Without a chance to launch TON by the April 30th deadline, the developers confirmed that there will be no token issuance and offered investors two options: take 72% of the money or wait until April 30th, 2021, and get 110% in Gram or another cryptocurrency.

Shortly thereafter, on May 4th, TON investors in the U.S. were informed that they can only take the 72% refund and won’t be allowed to get tokens in 2021. Non-U.S. investors then received a letter saying that there will be no payment in Grams or any other cryptocurrency whatsoever.

According to ForkLog sources, three days prior to the deadline, main TON validators including TON Labs and stated they will launch Telegram Open Network themselves if the team fails to do so.

Implications of Old TON Case and Challenges Lying Before Free TON

The opposition of the SEC and the unfavorable court rulings highlight substantial challenges for all crypto-projects that raised or aimed to raise funds via a private sale of forward contracts for tokens, which implies that parties agree to trade an asset at a set price and date in the future.

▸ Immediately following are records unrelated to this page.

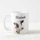 A caneca branca e na moda apresenta fotografia de vaca fazenda sobre fundo branco. Personalize e mude o nome para o seu. esta caneca engraçada será um presente personalizado perfeito.
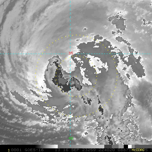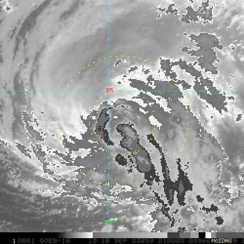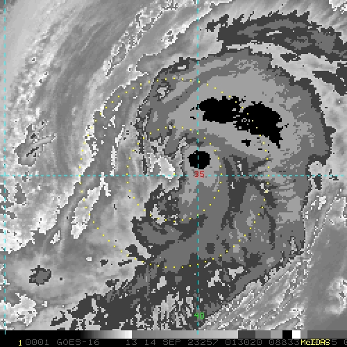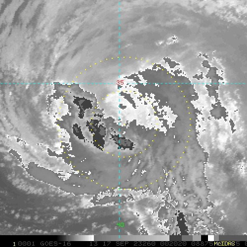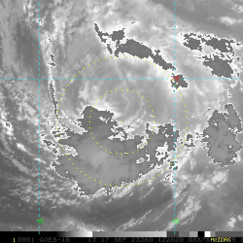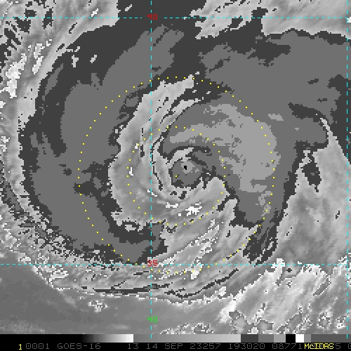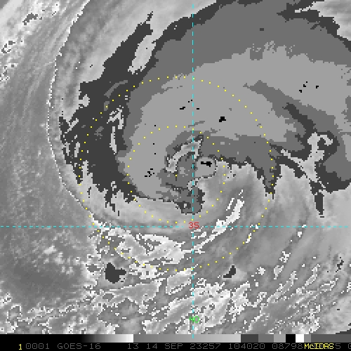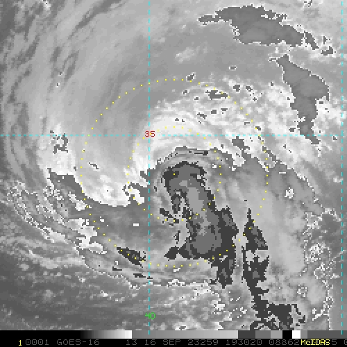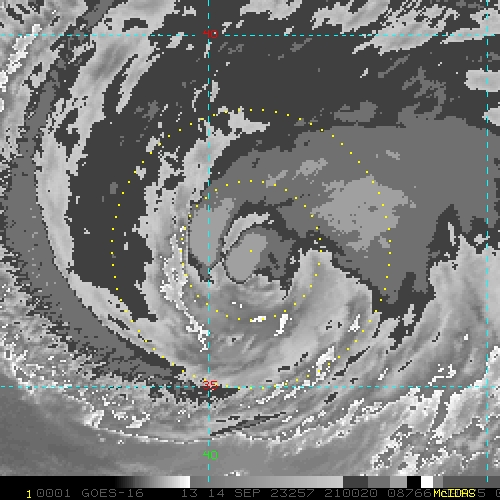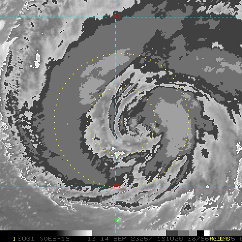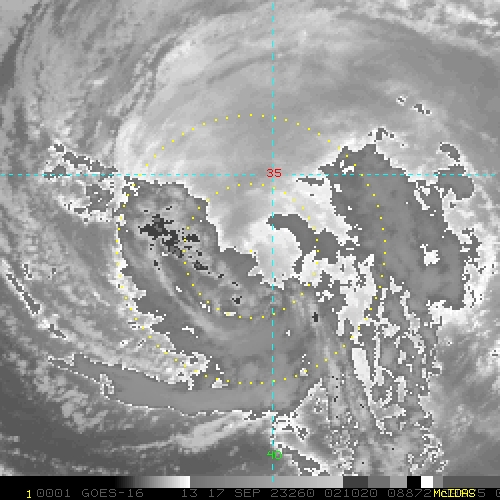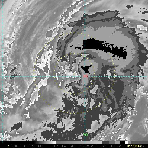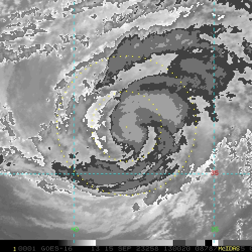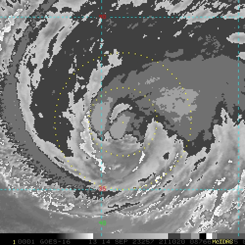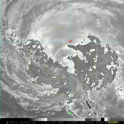To view a loop of all images from this storm, click any of the "Loop" buttons without selecting any specific images. To select a specific range of images click an option for "Starting Image" and "Ending Image", and then click any of the "Loop" buttons.
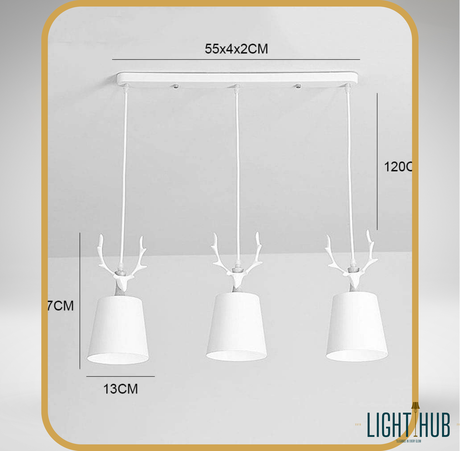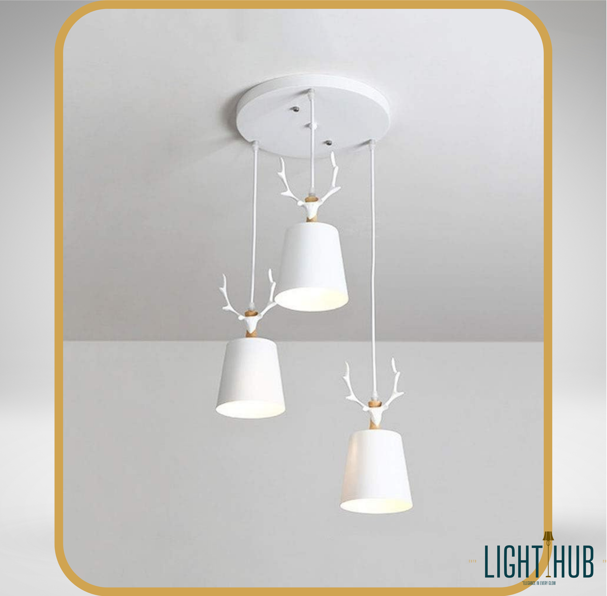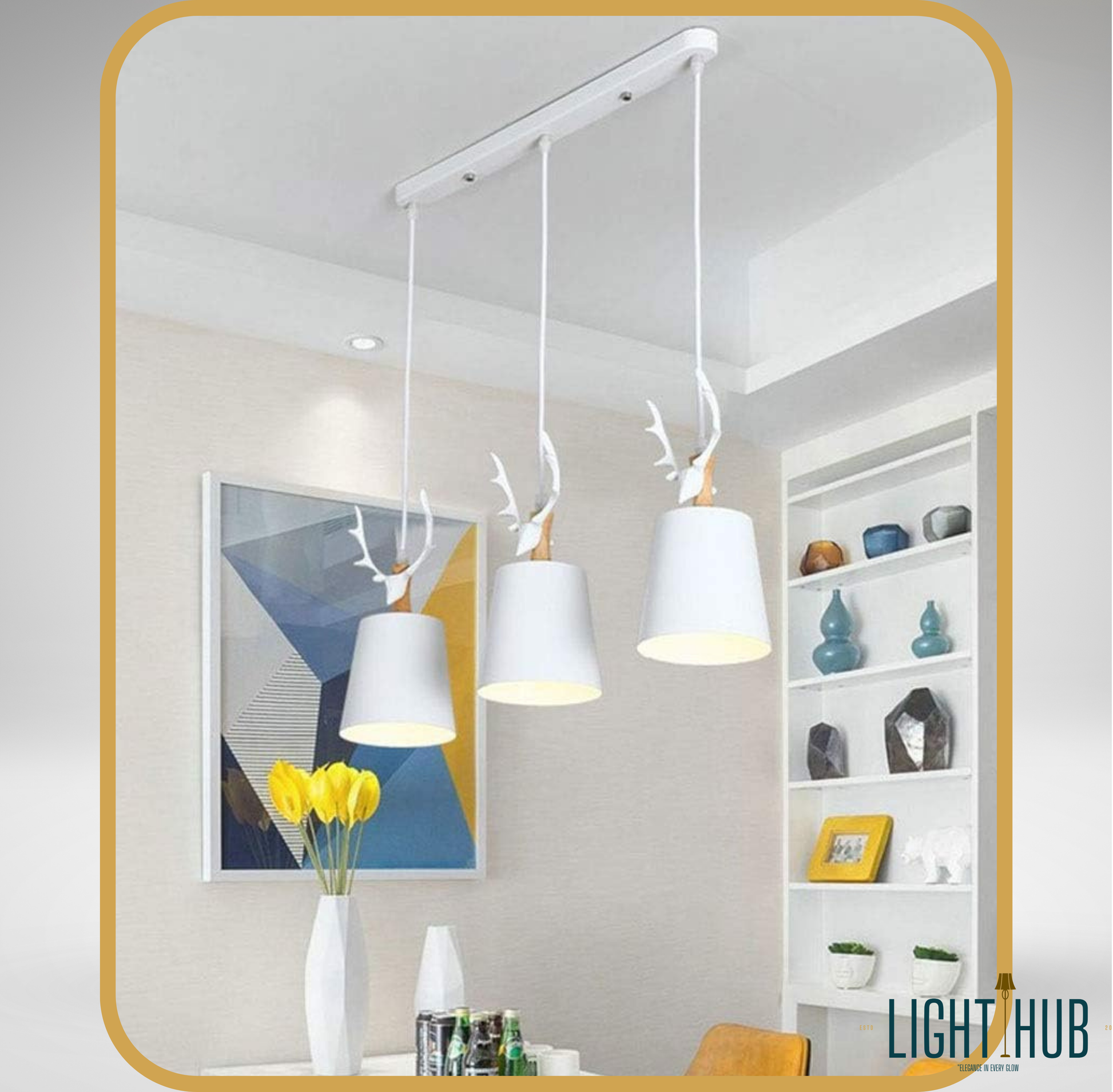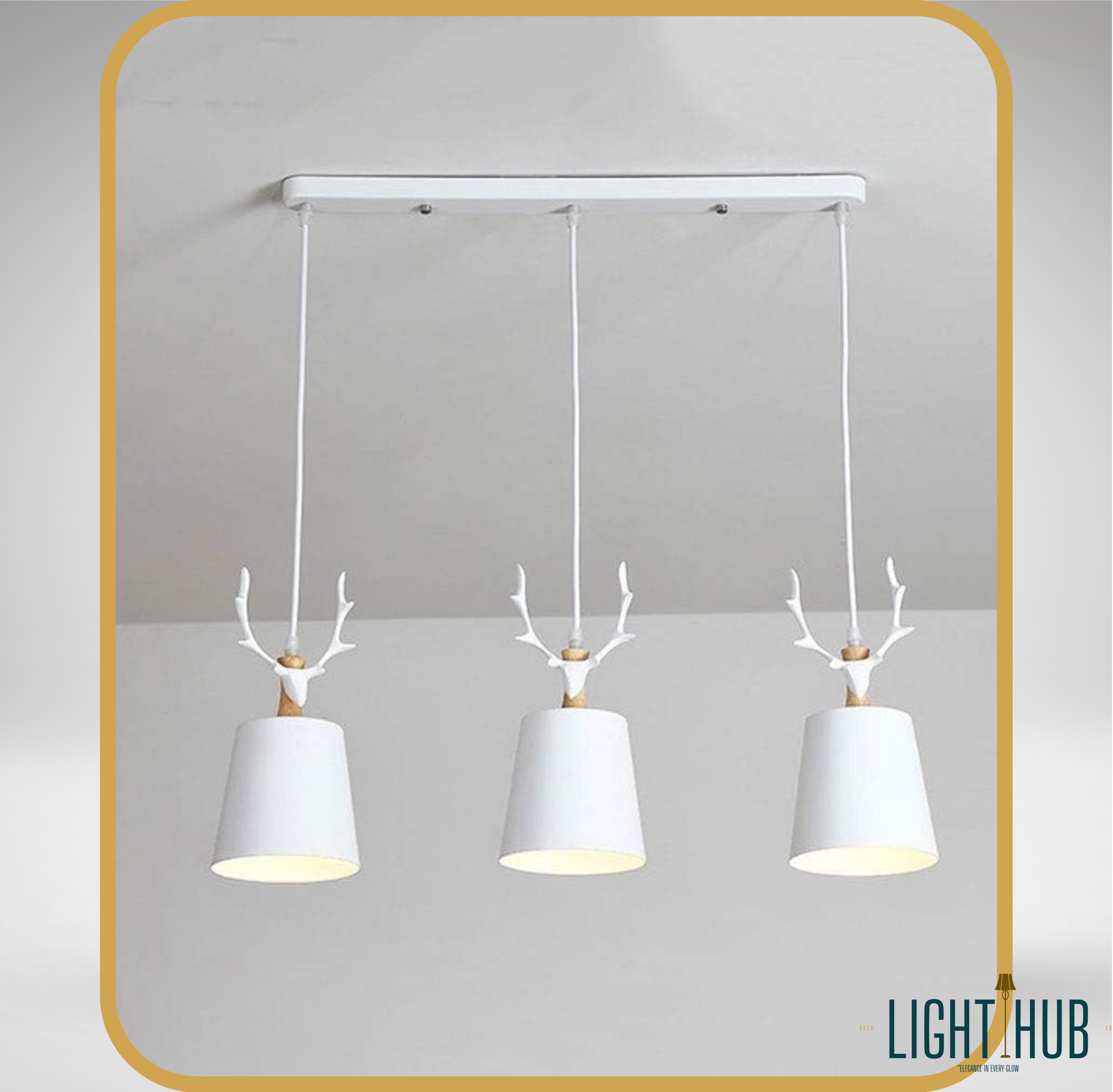 Transformez votre interieur en un havre d elegance moderne avec la suspension GLENICH. Concue avec une approche unique ce luminaire a trois lumieres allie la grace de la nature au design contemporain. Chaque tete de lampe est ornee de bois de cerf stylises en couleur blanche surmontant un abat jour conique assorti. Cet ensemble cree une ambiance chic et distinctive parfaite pour de nombreux espaces.
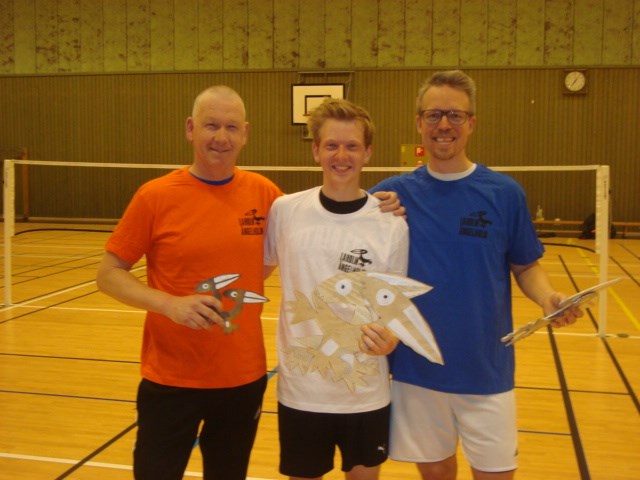 Grattis Ysbyflickorna till seriesegern! (Simon Henriksen,Hampus Axelsson) vann dubbelmatchen, ställningen var 1-1 i matchen inför dubbel som man vann med 2-0 i set. 2:a blev BA Design AB (Mikael Knutsson, Bengt Arvidsson). 3:a Hasby(Peter Axelsson,Niklas Johansson). Design o Ysbyflickorna förlorade i näst sista omgången. Design föll i dubbelmatchen med 2-1 , 21-17 i avgjörande set. Seriefinal den 22 mars KL.18.00 8 raka segrar. BA Design spelarna Bengt Arvidsson/Mikael Knutsson imponerar! Bengt har ett knep som han inte avslöjar! Vad kan detta vara? Två omgångar återstår. Efter omgång 7 så delas serien i 2 grupper, slutspel lag 1-4 och 5-8 möts en gång till (3 matcher) får alla lagen totalt 10 seriematcher. Alla lagen tar med sig sina poäng från grundserien. Tabellen står kvar som den är efter omgång 7. 8 mars börjar slutspelet, lottning av matcherna den 1 mars. Den 1/3 var hela B-hallen full med badmintonspelare + drop-in spelare 16 badmintonspelare. A-hallen spelades innebandy drop-in spel med 15 personer. Speldatum i slutspelet i badminton är:8,15,22 mars. Prisutdelningen är 22 mars kl:ca 19.15 i b-hallen. Priser till 1,2,3 Hamnar 1:an o 2:an på samma pöäng efter omgång 10. Räknas inbördes möten först,Sedan matchkvot inbördes möten mellan 1-2.Fortfarande lika matchkvoten alla 10 matcherna. Korpen Laholm/Ängelholm
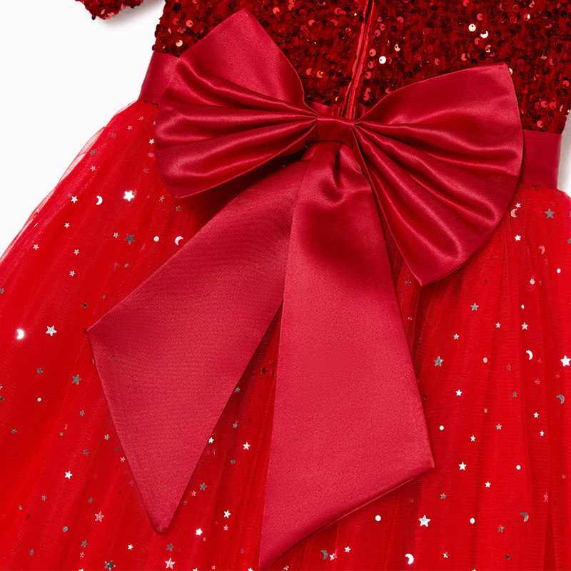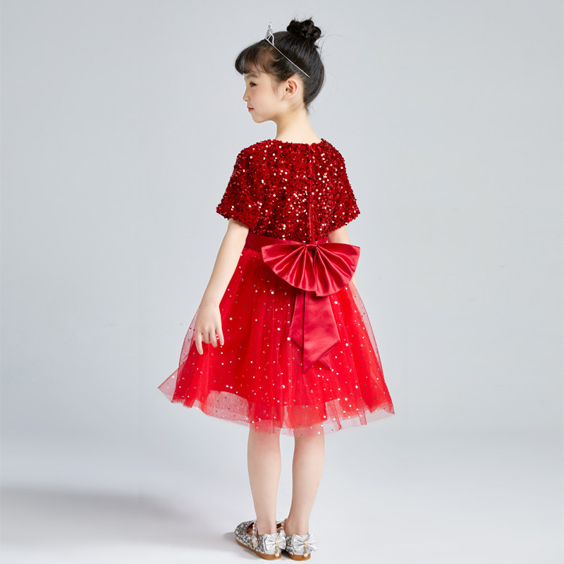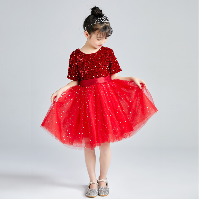 Children's dress red girl princess dress pettiskirt performance costume girl host piano performance chorus costume
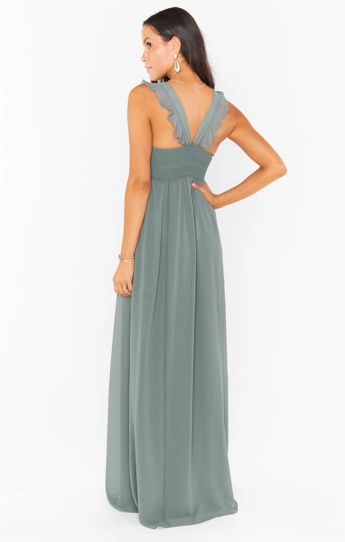 Show Me Your Mumu June Maxi Dress ~ Deep Sage Chiffon

In particular, the fact that the court deemed Gram tokens securities is problematic. When setting up the token offering, Telegram was aware of the potential regulatory issues, which is why they were selling purchase agreements, not tokens themselves, and all the buyers were sophisticated investors, so there was no need to register a securities offering.

“Telegram has always treated the purchase agreements as investment contracts (and thus securities), but that does not mean the underlying Grams themselves, which do not exist yet and will be used, bought and sold by the public following the launch of the TON blockchain, are also ‘securities’,” the company argued

Yet, the court was confident that TON investors were expecting to make a profit on Grams upon TON launch and that profit would depend on the actions of Telegram. This makes Grams securities according to the Howey Test, which states that a security is “a contract, transaction or scheme whereby a person invests his money in a common enterprise and is led to expect profits solely from the efforts of the promoter or a third party.”

One of the possible reasons behind the original declaration and the launch of Free TON in spite of the SEC’s pronounced displeasure with the original concept is that regulatory attempts to put innovative solutions into outdated templates of the past are still an ongoing battle. Much like the counterattacks of the crypto-industry that we probably see now.

Now, Free TON is aiming to reach the goals set by the old TON, but in their own way. Whether it will be acceptable for regulators or induce another litigation hell-storm remains to be seen.